3

Acara ijab kabul itu segera di mulai. Hendiko fokus menatap para penghulu dan Kiyai yang ada di depannya. Papahnya juga hadir dengan calon Ibu tirinya.

Leo sudah membawa Lingga sampai di meja ijab, dan duduk bersimpuh meghadap penghulu tepat di samping Hendiko.

Papah Hendiko cukup perhatian pada anaknya dan berbisik pelan.

"Ini bukan Anggie, siapa dia? Bukankah kamu akan menikah dengan Anggie?" tanya Papah Hendiko lirih agar tidak ada yang tahu pembicaraan rahasia mereka.

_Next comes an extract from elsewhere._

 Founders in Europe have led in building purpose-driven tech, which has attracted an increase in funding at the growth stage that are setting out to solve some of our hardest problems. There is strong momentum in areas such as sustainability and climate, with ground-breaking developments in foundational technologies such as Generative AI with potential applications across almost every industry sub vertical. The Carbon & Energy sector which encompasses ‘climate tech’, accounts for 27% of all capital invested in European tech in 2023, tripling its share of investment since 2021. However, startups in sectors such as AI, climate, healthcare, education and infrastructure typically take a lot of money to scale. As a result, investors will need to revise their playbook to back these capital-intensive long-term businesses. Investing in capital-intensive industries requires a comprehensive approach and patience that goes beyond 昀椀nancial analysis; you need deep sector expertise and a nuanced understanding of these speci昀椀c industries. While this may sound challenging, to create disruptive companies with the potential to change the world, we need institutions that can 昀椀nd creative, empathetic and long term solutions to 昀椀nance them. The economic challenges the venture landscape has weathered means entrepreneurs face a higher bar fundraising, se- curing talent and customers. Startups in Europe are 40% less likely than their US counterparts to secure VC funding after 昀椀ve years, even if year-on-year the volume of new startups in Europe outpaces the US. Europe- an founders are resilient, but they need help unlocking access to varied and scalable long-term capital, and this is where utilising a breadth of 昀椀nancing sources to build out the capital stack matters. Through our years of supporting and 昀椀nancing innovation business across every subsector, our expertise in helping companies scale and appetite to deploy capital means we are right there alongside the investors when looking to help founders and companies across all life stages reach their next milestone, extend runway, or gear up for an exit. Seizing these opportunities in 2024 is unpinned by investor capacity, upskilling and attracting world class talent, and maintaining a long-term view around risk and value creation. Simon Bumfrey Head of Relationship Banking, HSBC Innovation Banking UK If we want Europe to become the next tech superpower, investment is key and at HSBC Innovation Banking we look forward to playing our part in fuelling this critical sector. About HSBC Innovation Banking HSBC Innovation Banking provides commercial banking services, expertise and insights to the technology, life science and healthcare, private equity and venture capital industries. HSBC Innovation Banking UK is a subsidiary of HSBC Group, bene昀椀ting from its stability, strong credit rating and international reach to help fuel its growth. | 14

"Dia kekasihku yang sebenarnya, Anggie hanya selingkuhanku," ucap Hendiko dengan sikap tegas penuh wibawa dan serius. Wajahnya nampak datar dan sedikit gugup akan mengucap ijab kabul pagi ini.

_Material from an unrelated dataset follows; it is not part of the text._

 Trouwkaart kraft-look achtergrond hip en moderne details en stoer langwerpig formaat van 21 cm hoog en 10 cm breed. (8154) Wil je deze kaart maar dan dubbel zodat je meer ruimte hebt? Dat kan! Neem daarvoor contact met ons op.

"Cantik sekali. Papah suka, seleramu bagus," puji Papahnya dengan wajah senang. Papah Hendiko memang tak pernah merestuai hubungannya dengan Anggie, entah apa alasannya Papah Hendiko tidak pernah mengungkap itu semua. Tapi Papah Hendiko memiliki selera wanita yang cukup baik, kalau ia bilang cantik, tentu wanita itu luar biasa mempesona.

Hendiko melirik ke arah Lingga, yang benar -benar terlihat cantik sekali. Berbeda dengan Lingga yang ia temui tadi pagi. Wajahnya kucel dan kusut, serta rambutnya hanya di kuncir asal seperti ekor kuda. Tidak lupa topi kusam yang selalu emnemani Lingga saat mengukur jalanan kota itu untuk mencari sesuap nasi.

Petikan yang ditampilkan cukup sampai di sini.